In South Korea, print newspapers used to be the "media king" that once held society together, but the rise of the Internet has undermined the role of the dailies as the major opinion leaders and is cutting into their ad revenue, industry sources say.
Up until 2000, almost six in every 10 adults started the day with reading a newspaper. Politically, the major papers had earned their stars as guardians of the country's pursuit of democracy in its fight against the military authoritarian regimes throughout the 1970s and 1980s.
Nowadays, however, the print media is no longer the muscleman it used to be, because of the Internet, where people can read news conveniently and for free, according to Oh Soo-jong, a researcher at Korea Press Foundation (KPF), a non-profit watchdog organization for press media.
Readers, who once leafed through morning newspapers, now prefer to click on to major portals like www.naver.com, www.yahoo.co.kr or www.daum.net, where they can peruse articles from dozens of newspapers listed under these portal sites.
Naver, for instance, draws 13 million visitors a day in a country of 48 million, according to Kim Yeo-jong, Naver's spokeswoman.
"Up until in 2000, newspapers regarded Internet media as a `pet,' and newspapers would not mind that much even if they share some news articles with portals," said the KPF's researcher. "Today, the pet has grown up to be a tiger that eats up much of newspapers' power in both revenues and impact-wise," the researcher added.

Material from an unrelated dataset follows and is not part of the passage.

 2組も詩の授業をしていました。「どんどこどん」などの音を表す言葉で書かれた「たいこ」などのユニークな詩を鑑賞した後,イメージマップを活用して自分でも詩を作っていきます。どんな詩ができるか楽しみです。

During 1999 and 2000, major newspapers spun out their internal Internet media units as independent business units.
At that time, nascent portal sites approached these new Internet units, carrying content from their mother newspapers, with offers to pay them 1 million to 5 million won (US$1,000 to US$5,000) for permission to carry their content.

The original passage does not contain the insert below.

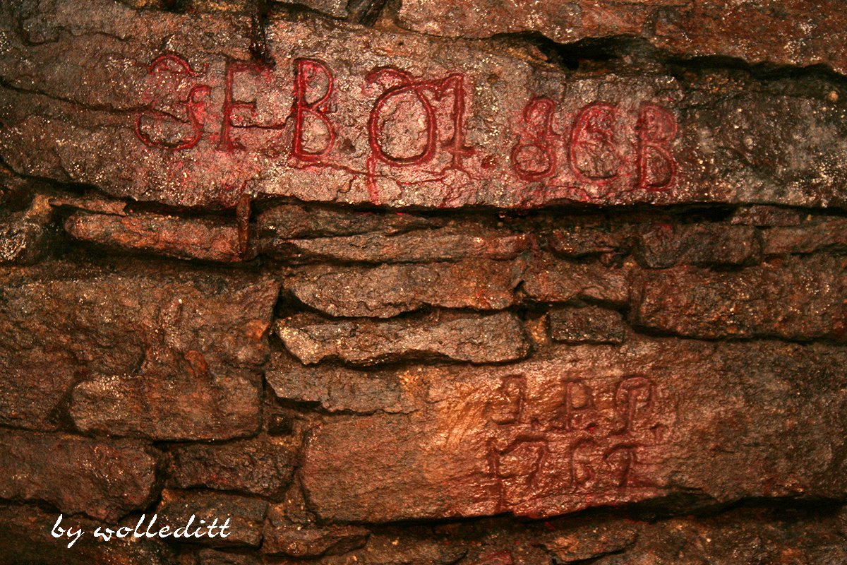 Bei der unteren Inschrift könnte es sich um ein (einfaches Freiberger) Gedingezeichen handeln, gefolgt von einer Lachterzahl. Schau mal hier: https://www.untertage.com/publikationen/25-zeichen-tafeln-inschriften-im-bergbau/126-1-gedinge-und-vortriebszeichen-jahrestafeln-vortriebstafeln.html Danke f...

Most of these cash-laden newspapers' online media units snapped up the deal, which newspapers now regret.
Nowadays, newspapers are selling news articles to portals for a monthly flat fee that ranges from 2 million won to 15 million won a month, according to the KPF data.
In the process, the print media is no longer on the frontline of moulding the right sense for participant democracy, said Choi Young-jae, professor of Hallym University.
On the contrary, newspapers have become dependent on major portals to reach out to young readers who would not otherwise even try to read newspapers at all.
"Unlike their parents who used to read serious issues like economy or political news, young readers tend to prefer gossip, sports or entertainment news," KPF's researcher said.
Also, distributor portals have gained control over producer dailies: "Portals have gained a power over newspapers to control editing and classifying news articles in a way that appeals to young readers," she added.
One of the consequences of this development, which shows a slow but steady migration of both readers out of print into digital media, is that more and more money is going into online advertisement, at the expense of print media.
Newspapers have lost both subscription and advertising revenues.
Subscriptions fell from 57 percent of South Koreans aged between 15 to 60 during 2000 to 41 percent last year, according to a cyber newspaper Pressian.
The ads spent on the country's 140 newspapers fell 7.7 percent from 1.8890 trillion won in 2003 to 1.7456 trillion won last year, according to the country's largest ad agency Cheil Communications.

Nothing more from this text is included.